The saddle-node bifurcation and pitchfork bifurcation discussed in the remainder of this lecture are precisely the classification and study of the most basic and universal mathematical prototypes behind these diverse abrupt phenomena.

3.2 Normal Form of Saddle-Node Bifurcation

The simplest and most common type of bifurcation is the Saddle-Node Bifurcation. It is important because it represents the most basic way fixed points are "born" and "annihilated."

Normal Form Equation

Its normal form, i.e., the simplest mathematical expression that captures this bifurcation phenomenon, is a simple quadratic equation:

\[ \frac{du}{dt} = f(u, \mu) = -\mu + u^2 \]

Here, for convenience of analysis, the bifurcation point has been shifted to \(\mu_c = 0\) and \(u^* = 0\). This seemingly simple equation has extremely strong universality. No matter how complex the evolution function \(f(u, \mu)\) of a specific physical system (such as fluids, chemical reactions, ecological models), as long as it can be Taylor expanded near the bifurcation point, the terms governing its dynamical behavior can be simplified to this normal form.

Dynamical Analysis

Now let's analyze in detail how the dynamical behavior of this equation depends on parameter \(\mu\):

1.Finding fixed points: Fixed points \(u^*\) satisfy \(f(u^*) = 0\), i.e., \(-\mu + (u^*)^2 = 0\), yielding:

\[ u^* = \pm\sqrt{\mu} \]

2.Analyzing the existence of fixed points (evolution with \(\mu\)):

When \(\mu < 0\): \(\sqrt{\mu}\) is imaginary, and the equation has no real solutions. At this time, \(f(u) = -\mu + u^2\) is always positive (parabola above the \(u\)-axis). Therefore \(\frac{du}{dt} > 0\), the system state \(u\) will keep evolving toward \(+\infty\), and the system has no fixed points (no equilibrium state).

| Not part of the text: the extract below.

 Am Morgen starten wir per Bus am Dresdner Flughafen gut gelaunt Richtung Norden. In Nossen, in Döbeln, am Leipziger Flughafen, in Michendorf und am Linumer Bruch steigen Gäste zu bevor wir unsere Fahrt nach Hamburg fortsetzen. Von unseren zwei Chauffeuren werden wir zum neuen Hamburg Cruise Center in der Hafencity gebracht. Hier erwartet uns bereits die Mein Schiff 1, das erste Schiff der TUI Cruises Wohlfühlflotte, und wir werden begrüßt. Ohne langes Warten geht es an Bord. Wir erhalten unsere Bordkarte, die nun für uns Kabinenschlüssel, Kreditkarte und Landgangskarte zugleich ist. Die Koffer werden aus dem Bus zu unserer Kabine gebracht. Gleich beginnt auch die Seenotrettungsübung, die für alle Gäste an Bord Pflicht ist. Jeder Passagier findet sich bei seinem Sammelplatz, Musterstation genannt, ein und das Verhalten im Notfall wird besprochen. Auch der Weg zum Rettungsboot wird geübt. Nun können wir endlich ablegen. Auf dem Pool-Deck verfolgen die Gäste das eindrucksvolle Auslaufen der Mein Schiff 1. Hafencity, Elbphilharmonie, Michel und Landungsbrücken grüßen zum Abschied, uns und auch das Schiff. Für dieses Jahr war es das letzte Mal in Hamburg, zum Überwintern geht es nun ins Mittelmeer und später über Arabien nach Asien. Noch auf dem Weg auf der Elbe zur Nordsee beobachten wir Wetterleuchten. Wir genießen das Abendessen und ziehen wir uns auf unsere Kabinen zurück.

When \(\mu = 0\): \(\frac{du}{dt} = u^2\). At this point \(u^* = 0\) is the only fixed point. This point is the critical point \(\mu_c\) where the saddle-node bifurcation occurs.

When \(\mu > 0\): \(\sqrt{\mu}\) is real, and the system has two fixed points "born out of nothing":

\[ u_1^* = -\sqrt{\mu} \]
\[ u_2^* = +\sqrt{\mu} \]

3.Stability analysis: Using the linear stability analysis (LSA) from Section 2. First calculate the derivative of \(f(u)\):

\[ f'(u) = \frac{d}{du}(-\mu + u^2) = 2u \]

For the case \(\mu > 0\):

At \(u_1^* = -\sqrt{\mu}\): \(f'(u_1^*) = 2(-\sqrt{\mu}) = -2\sqrt{\mu} < 0\). Therefore \(u_1^*\) is a stable fixed point (attractor).

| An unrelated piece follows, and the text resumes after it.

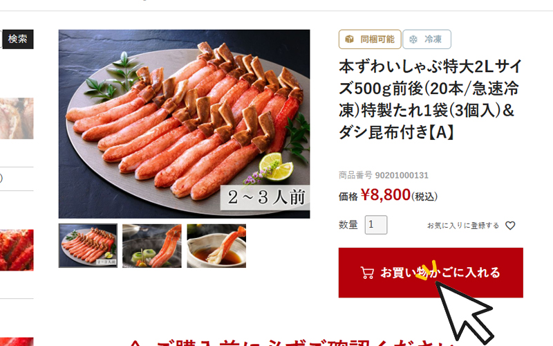 欲しい商品が見つかったら、「ご注文はこちら」をクリックし、「お買い物かご」に入れます。 |

At \(u_2^* = +\sqrt{\mu}\): \(f'(u_2^*) = 2(+\sqrt{\mu}) = 2\sqrt{\mu} > 0\). Therefore \(u_2^*\) is an unstable fixed point (repeller).

For the case \(\mu = 0\):

At \(u^* = 0\): \(f'(u^*) = 2(0) = 0\). LSA fails, confirming that this is indeed a bifurcation point.

Lecture Blackboard Screenshot

Left panel (\(\mu < 0\)): The parabola \(f(u) = -\mu + u^2\) lies entirely above the \(u\)-axis, with \(f(u)\) always positive. The flow always points to the right (\(\rightarrow\)), and the system has no fixed points.

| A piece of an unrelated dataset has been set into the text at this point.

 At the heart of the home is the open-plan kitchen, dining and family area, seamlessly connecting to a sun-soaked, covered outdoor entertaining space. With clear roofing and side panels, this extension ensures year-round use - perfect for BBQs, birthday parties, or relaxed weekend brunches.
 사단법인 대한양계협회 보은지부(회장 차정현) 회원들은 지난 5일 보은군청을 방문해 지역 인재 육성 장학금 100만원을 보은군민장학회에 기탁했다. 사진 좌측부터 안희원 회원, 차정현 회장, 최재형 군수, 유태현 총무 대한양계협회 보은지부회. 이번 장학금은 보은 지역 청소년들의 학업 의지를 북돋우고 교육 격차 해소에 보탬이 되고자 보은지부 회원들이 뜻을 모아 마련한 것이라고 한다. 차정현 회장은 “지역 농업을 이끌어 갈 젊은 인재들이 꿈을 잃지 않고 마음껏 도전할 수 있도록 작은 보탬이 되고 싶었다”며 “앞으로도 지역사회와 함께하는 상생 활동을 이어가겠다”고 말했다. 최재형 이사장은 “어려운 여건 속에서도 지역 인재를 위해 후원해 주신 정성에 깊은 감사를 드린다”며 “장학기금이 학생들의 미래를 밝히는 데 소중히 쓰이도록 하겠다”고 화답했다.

Right panel (\(\mu = 0\)): At the bifurcation point \(\mu_c = 0\), the parabola \(f(u) = u^2\) is exactly tangent to the \(u\)-axis at \(u=0\). At this time \(f(u) \ge 0\), and the flow on both sides of \(u=0\) points to the right (\(\rightarrow\)). \(u=0\) is a "semi-stable" fixed point (converging from the left, diverging from the right).

Lecture Blackboard Screenshot

This panel (\(\mu > 0\)): The parabola \(f(u) = -\mu + u^2\) intersects the \(u\)-axis at two points.

At \(u_1^* = -\sqrt{\mu}\), the flow pattern is \(\rightarrow \bullet \leftarrow\), this is a stable fixed point (solid dot).

At \(u_2^* = +\sqrt{\mu}\), the flow pattern is \(\leftarrow \circ \rightarrow\), this is an unstable fixed point (open circle).

In summary, when parameter \(\mu\) "crosses" 0 from negative values, a stable fixed point and an unstable fixed point simultaneously emerge at \(u=0\) (or conversely, when \(\mu\) decreases from positive values to 0, they collide and annihilate). This is the origin of the name "Saddle-Node": in higher dimensions, it is a collision of a saddle and a node.

Lecture Blackboard Screenshot

3.3 Potential Function Perspective - Sliding in the "Energy Landscape"

This bifurcation process can also be intuitively understood through the deformation of the potential energy landscape \(V(u)\). Recalling the relation \(\frac{du}{dt} = -\frac{\partial V}{\partial u}\), for the normal form \(\frac{du}{dt} = -\mu + u^2\), we can find its corresponding potential function \(V(u; \mu)\) by integration:

\[ V(u; \mu) = - \int (-\mu + u^2) du = \mu u - \frac{1}{3}u^3 \]

Now we can re-examine the bifurcation from the perspective of a "ball rolling in a landscape":

When \(\mu < 0\): The potential function \(V(u)\) is a monotonically sloping curve with no local extrema (no valleys or peaks). Therefore, the system has no fixed points, and the ball will keep "rolling" to infinity.

When \(\mu = 0\): The potential function becomes \(V(u) = -u^3/3\). An inflection point appears at \(u=0\), where the landscape becomes flat.

When \(\mu > 0\): A local minimum (valley) and a local maximum (peak) appear on the potential function graph.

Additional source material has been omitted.